The Hidden Operational Cost of Hypergrowth
Hypergrowth introduces a parallel workload that most founders and CTOs never plan for. As companies begin selling to enterprises, entering new markets, or preparing for funding rounds, compliance shifts from being a nice-to-have to becoming table stakes. Leaders suddenly find themselves spending hours interpreting frameworks, collecting evidence, responding to security questionnaires, and coordinating with auditors. Despite operating on modern cloud stacks, much of this work still lives in spreadsheets and email threads.
The cost is not just administrative; it is strategic. Time consumed by manual compliance work is time taken away from refining product-market fit, responding to customer feedback, unlocking new segments, and articulating value to investors. For companies expanding across geographies, overlapping regulatory expectations intensify the strain. Compliance should enable hypergrowth, but without the right systems, its manual overhead often slows progress at the moment speed matters most.
Where Traditional Approaches Fall Short
For Sprinto’s founders, this challenge was not theoretical. While building Recruiterbox, Girish Redekar and Raghuveer Kancherla encountered rising compliance demands at every stage of scale. Meeting standards like SOC 2 or ISO 27001 required more than documentation; it demanded a clear understanding of how systems, users, vendors, risks, and controls interacted in an environment that was constantly changing. Existing tools captured data but failed to surface what needed attention or why.
As the founders validated this experience with other fast-growing companies, a clear pattern emerged. Compliance tools were built for static environments, while modern organisations change daily. Without context, automation remained shallow and teams were left reconstructing reality each time scrutiny arose. This gap revealed the need for a new approach: compliance systems that understand how a business operates and adapt continuously. That insight set the foundation for Sprinto and leads directly into the role of intelligence-driven, agentic systems in modern compliance.
“Most GRC tools collect information, but they don’t tell you what to do with it,” Girish says. “Teams are left with data, not direction.”
The Role of Agentic AI in Modern Compliance
The shift toward intelligence-driven compliance is not being powered by generative AI. Generative models can produce content, but compliance demands contextual reasoning. It requires the ability to interpret dependencies, monitor control behavior, understand anomalies, and operate within clearly defined organisational boundaries. This is where agentic AI is beginning to reshape the category.
Agent-based systems can take multi-step actions, correlate signals across tools, and maintain a live understanding of the environment while keeping humans firmly in control. Sprinto’s AI Playground reflects this direction. Teams can build task-specific agents within minutes to automate vendor reviews, document analysis, incident classification, and risk drafting. Hours of administrative effort convert into supervised, high-clarity workflows.

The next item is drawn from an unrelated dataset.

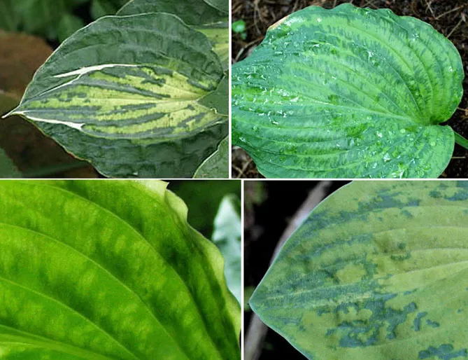 На картинках нижче представлені симптоми вірусу хости.

The timing is significant because companies are confronting a new risk: Shadow AI, where employees rely on external AI tools that can unintentionally leak sensitive data. This has created a need for systems that enforce guardrails by design, tools that understand organisational context, restrict unsafe actions, and require human approval when decisions carry risk. Emerging standards like ISO 42001 are formalising these expectations and pushing companies toward safer, governed forms of AI.
The Shift Toward Live, Always-On Compliance
Compliance is also being reshaped by constant regulatory expansion. Companies rely on systems that can track new obligations, interpret relevance, and map requirements onto their existing controls. Sprinto’s Infinite Frameworks engine performs this interpretation so that teams can focus on reviewing output rather than decoding regulatory language manually.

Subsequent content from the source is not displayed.